In FIG. 26, reference numeral 114 denotes a rotating mechanism, which is provided with two elastic energy storage members 115 and 116 for releasing energy in opposite directions. That is, one end portion of one elastic energy storage member 115 is attached to the inner surface of the housing 4, and the other end portion is selectively fixed to the bottom plate 3 of the housing 4 or the inner surface of the bottom wall portion of the turning cylinder 8 by the clutch element 117. The state can be realized. A bottom stud 118 is planted in the center of the bottom plate 3 of the housing 4. One end of the other elastic energy storage member 116 is attached to the bottom stud 118, and the other end is fixed by a clutch element 119 to the inner surface of the wall of the revolving cylinder 8 or to the middle of the bottom stud 118. The fixed state can be selectively realized.

Accordingly, the other end of the elastic energy storage member 115 is fixed to the inner surface of the bottom wall of the swiveling cylinder 8 by the clutch element 117, and the other end of the elastic energy storage member 116 is fixed to the bottom stud 118 by the clutch element 119. When fixed to the plate 120, the swiveling cylinder 8 rotates in the direction in which the elastic energy storage member 115 releases energy.

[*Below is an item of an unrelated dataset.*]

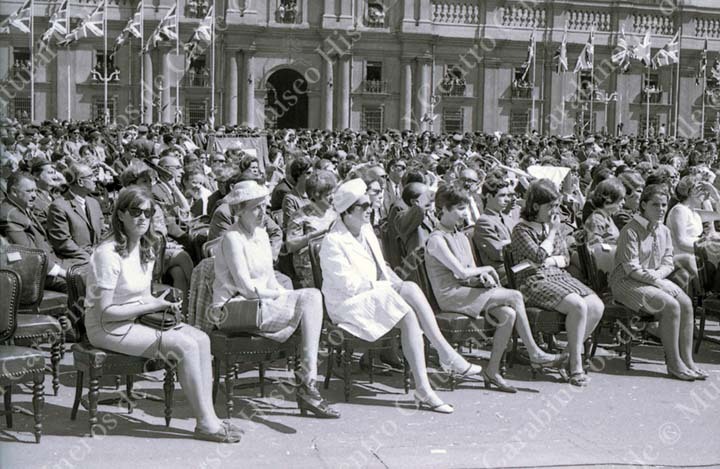 Público asistente a la primera actividad oficial de la Reina Isabel II del Reino Unido en Chile: la declaración de Huésped de Honor de la ciudad de Santiago de la soberana en el frontis del Palacio de la Moneda por parte de la Municipalidad de la capital, encabezada por el Alcalde Manuel Fernández Díaz.

If the fixed states of the clutch elements 117 and 119 are reversed, the rotating cylinder 8 rotates in the opposite direction.

Further, the bottom plate 3 is provided with a motor 121, and the clutch element 117 is fixed to the rotor of the motor 121 so that the clutch element 117 is fixed to the bottom plate 3. Then, if the clutch element 117 is fixed to the rotor, the clutch element 119 is fixed to the inner surface of the wall of the swivel cylinder 8, and the swirl cylinder 8 is fixed to the inner surface of the housing 4 by another clutch element 122 provided. , The elastic energy storage member 11 according to the rotation of the motor 121
Energy can be stored in 5,116.

Next, a third embodiment of the present invention will be described with reference to FIG.

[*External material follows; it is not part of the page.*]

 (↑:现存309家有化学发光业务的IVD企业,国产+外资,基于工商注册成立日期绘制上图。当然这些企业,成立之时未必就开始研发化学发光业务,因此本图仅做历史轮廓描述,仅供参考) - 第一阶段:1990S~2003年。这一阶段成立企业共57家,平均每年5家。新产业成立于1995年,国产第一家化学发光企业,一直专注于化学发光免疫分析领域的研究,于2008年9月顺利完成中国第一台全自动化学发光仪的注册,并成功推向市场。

FIG. 27 is a schematic sectional view, and 123 is an image pickup module, which includes an optical system 124 having a lens, a focus adjusting mechanism and a magnification adjusting mechanism built therein, and an image pickup device 125 for photoelectrically converting an image captured by the optical system 124. , These optical systems 124
And a signal processing unit 126 for controlling the operating state of the image pickup device 125 and transmitting a video signal of the image pickup device 125 to a subsequent stage through a signal transmission cable (not shown).
4 are joined and integrated so as to be stacked in the optical axis direction. Further, reference numeral 127 denotes a base unit having a built-in platform optical system control unit 128. For example, between the base unit 127 and the imaging module 123, which are positioned so that their substantially spherical surfaces are opposed to each other, for example, Rotation / rotation of the attitude control mechanism of the image pickup module 123 configured by the above-described drive mechanism and the like.
An undulating element 129 is attached. The image pickup module 123 is driven in two directions of azimuth and elevation.

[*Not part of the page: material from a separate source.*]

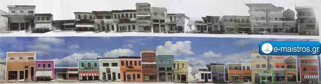 Από πάνω απεικονίζεται η σημερινή άποψη της πόλης και κάτω η πρόταση χρωματισμού των κτηρίων για την οδό Θ. Χαβίνη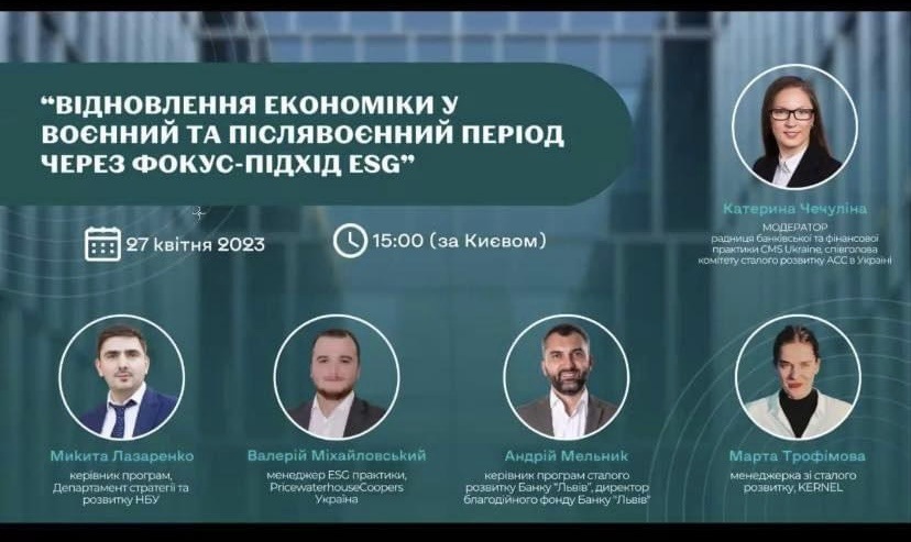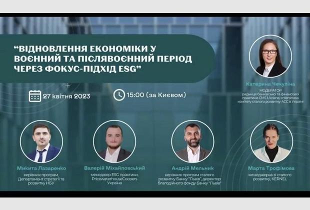 27 квітня 2023 року викладачі кафедри Менеджменту ННІУЕБ взяли участь у вебінарі «Відновлення економіки у воєнний та післявоєнний період через фокус-підхід ESG».

Further, a stud 130 is planted on the side surface of the image pickup module 123.
0 has a spring element 13 whose one end is fixed to the base 127.
The other end of No. 1 is attached, and rattling due to a mechanical factor between the base 127 and the imaging module 123 can be eliminated. In addition, a flexible signal line 132 is provided between the base 127 and the image pickup module 123, and a video signal or the like from the signal processing unit 126 is sent to the subsequent stage through the base 127. .

With such a configuration, the platform optical system control unit 128 performs a control operation in accordance with a control signal from the subsequent stage, and the turning / raising / lowering element with the base unit 127 kept stationary at a predetermined position. The imaging module 123 is driven by the operation of 129. Since the direction of the optical axis P of the optical system 124 can be freely changed, a target portion to be captured by the optical system 124 can be arbitrarily selected. For example, an image of a desired portion such as an inner wall surface of a pipe can be displayed on an observation unit (not shown). It can be observed through a monitor.

Therefore, also in this embodiment, the same operation and effect as in the first embodiment can be obtained.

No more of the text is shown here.